FBI Director Kash Patel said the investigation demonstrated that Bolton knowingly mishandled classified information.
“This FBI’s investigation proved that John Bolton knowingly transmitted top-secret information using personal online accounts and retained said documents in his house — all in direct violation of federal law,” Patel said in a statement to Fox News Digital.
“Despite an onslaught of false claims by the fake news stating this case was ‘retribution,’ this investigation was based on meticulous work from dedicated professionals at the FBI who followed the facts without fear or favor, and Bolton chose to admit his guilt and plead guilty.”
Bolton served as Trump’s national security advisor from April 2018 until September 2019. Trump has said he fired Bolton, while Bolton said that he resigned.
Their relationship deteriorated further after the publication of Bolton’s 2020 memoir, “The Room Where It Happened,” which offered a highly critical account of Trump’s presidency.
The Trump administration sought unsuccessfully to block the book’s publication, arguing it contained classified information.
Bolton never faced any charges stemming from allegations that his memoir contained classified information.

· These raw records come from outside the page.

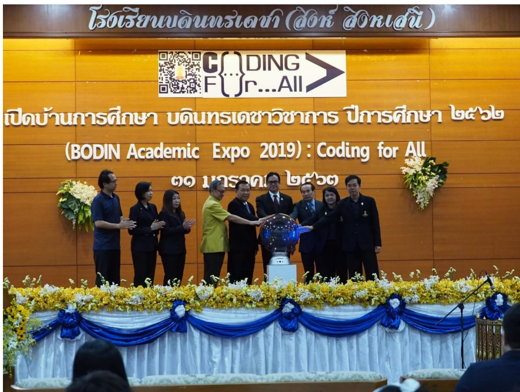
ประธานในพิธี คณะผู้บริหารโรงเรียนบดินทรเดชา (สิงห์ สิงหเสนี) และแขกผู้มีเกียรติ ร่วมเปิดงานฯ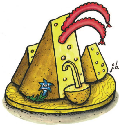
Bündner Bergkäse mit Steinbock-Wurstchen und Kartoffelstock.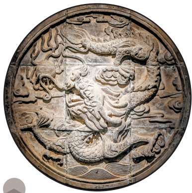
清代腾龙戏珠砖雕壁画

Bolton’s attorney, Abbe Lowell, defended his client’s decision to plead guilty, saying it reflected accountability.
“He took responsibility for a mistake he made, thereby saving the government resources to pursue a case that could expose additional sensitive information,” Lowell said in a statement.
“By contrast, President Trump thumbed his nose at the classified information laws, took actual classified documents to his Florida mansion, interfered with the investigation of that conduct and has never accepted any accountability for his conduct.
“Ambassador Bolton, whose offense was only keeping a diary which contained classified information, kept a record to preserve history, but Donald Trump kept secrets to serve himself.”